Your assignment
Give every line of the material back exactly, images removed.

Input data
[Start of section]

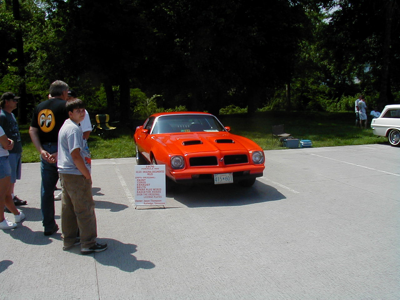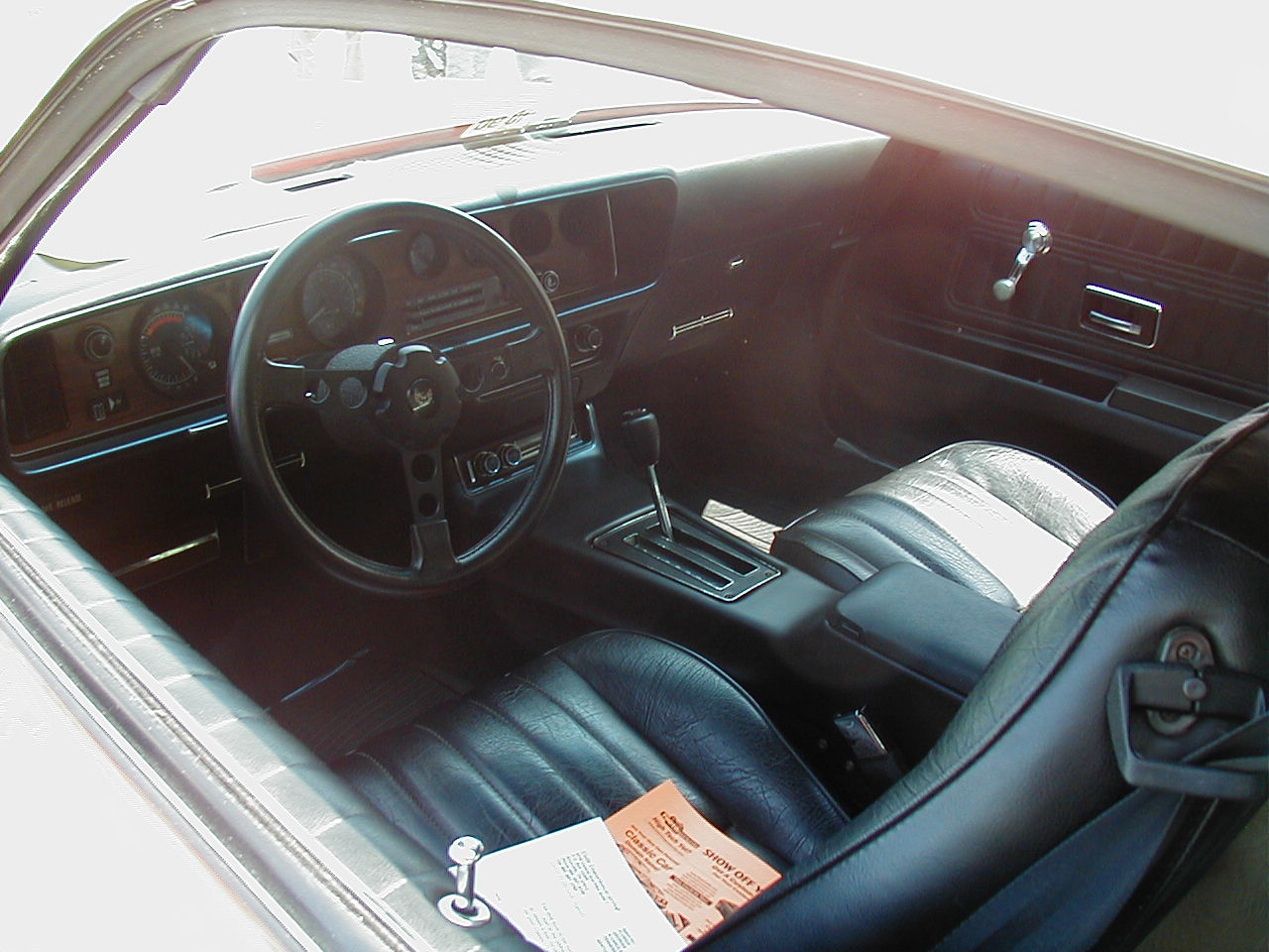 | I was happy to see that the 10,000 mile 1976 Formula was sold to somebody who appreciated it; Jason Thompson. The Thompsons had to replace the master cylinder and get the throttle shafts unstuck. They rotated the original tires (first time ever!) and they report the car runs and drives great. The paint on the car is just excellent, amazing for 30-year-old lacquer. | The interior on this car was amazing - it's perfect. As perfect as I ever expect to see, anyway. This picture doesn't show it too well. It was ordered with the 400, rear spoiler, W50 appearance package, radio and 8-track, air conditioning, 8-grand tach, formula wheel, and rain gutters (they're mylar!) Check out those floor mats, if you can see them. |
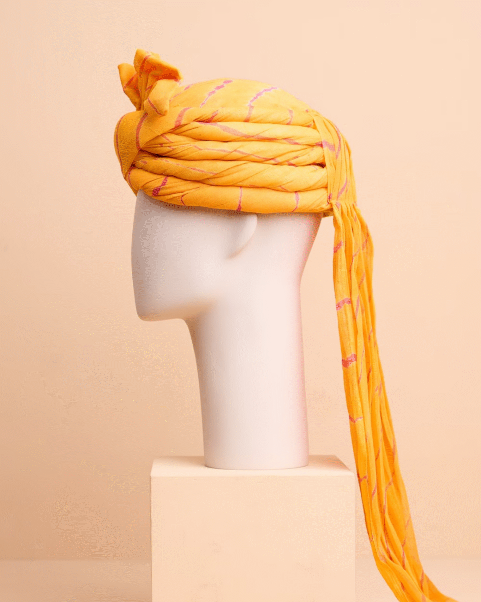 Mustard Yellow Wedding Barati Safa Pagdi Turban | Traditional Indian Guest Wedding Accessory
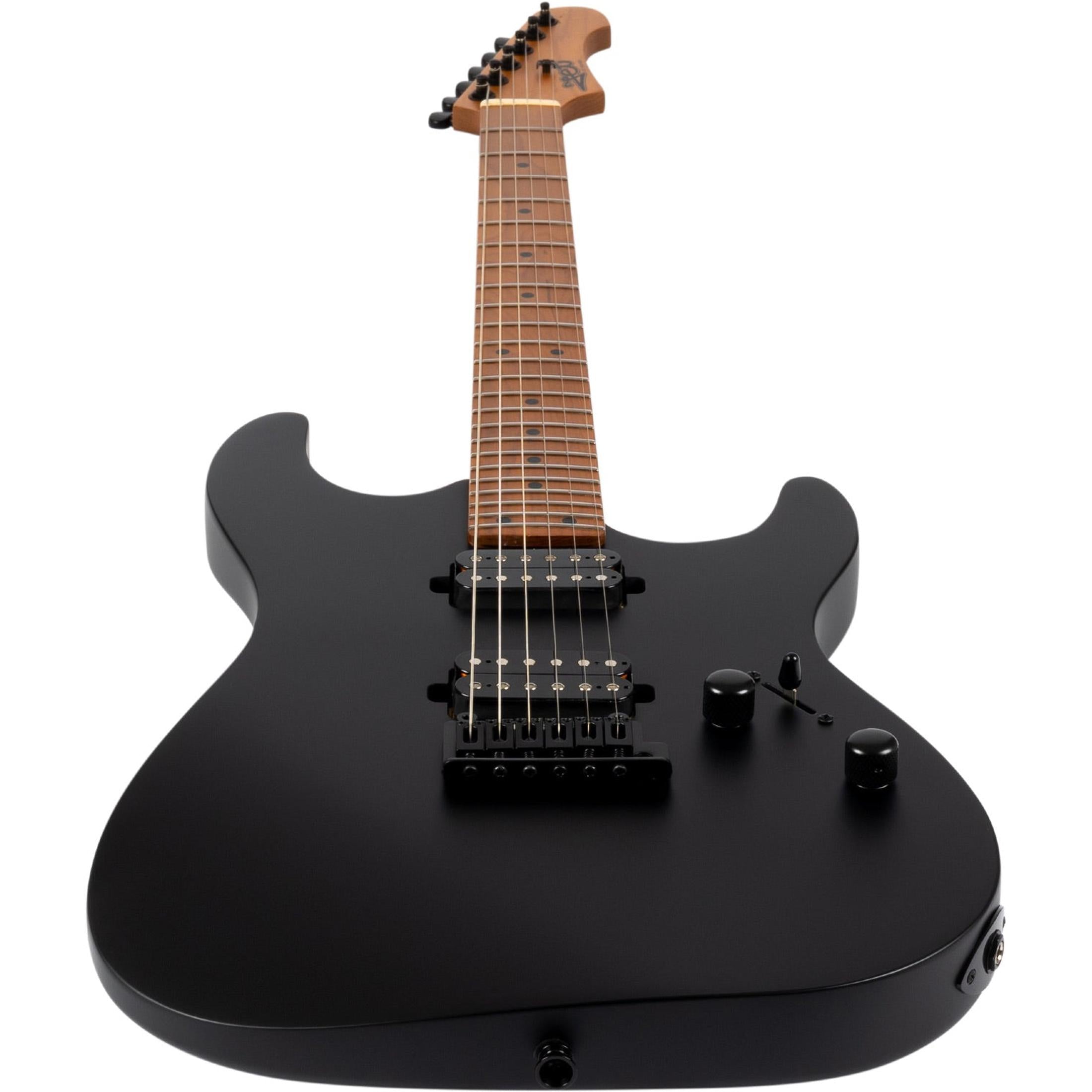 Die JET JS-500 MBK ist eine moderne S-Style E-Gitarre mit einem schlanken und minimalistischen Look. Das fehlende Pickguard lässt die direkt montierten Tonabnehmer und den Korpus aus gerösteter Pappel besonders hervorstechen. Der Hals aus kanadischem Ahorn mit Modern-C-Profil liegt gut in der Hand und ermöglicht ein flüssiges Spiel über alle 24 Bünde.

[End of section]

Response
 | I was happy to see that the 10,000 mile 1976 Formula was sold to somebody who appreciated it; Jason Thompson. The Thompsons had to replace the master cylinder and get the throttle shafts unstuck. They rotated the original tires (first time ever!) and they report the car runs and drives great. The paint on the car is just excellent, amazing for 30-year-old lacquer. | The interior on this car was amazing - it's perfect. As perfect as I ever expect to see, anyway. This picture doesn't show it too well. It was ordered with the 400, rear spoiler, W50 appearance package, radio and 8-track, air conditioning, 8-grand tach, formula wheel, and rain gutters (they're mylar!) Check out those floor mats, if you can see them. |
 Mustard Yellow Wedding Barati Safa Pagdi Turban | Traditional Indian Guest Wedding Accessory
 Die JET JS-500 MBK ist eine moderne S-Style E-Gitarre mit einem schlanken und minimalistischen Look. Das fehlende Pickguard lässt die direkt montierten Tonabnehmer und den Korpus aus gerösteter Pappel besonders hervorstechen. Der Hals aus kanadischem Ahorn mit Modern-C-Profil liegt gut in der Hand und ermöglicht ein flüssiges Spiel über alle 24 Bünde.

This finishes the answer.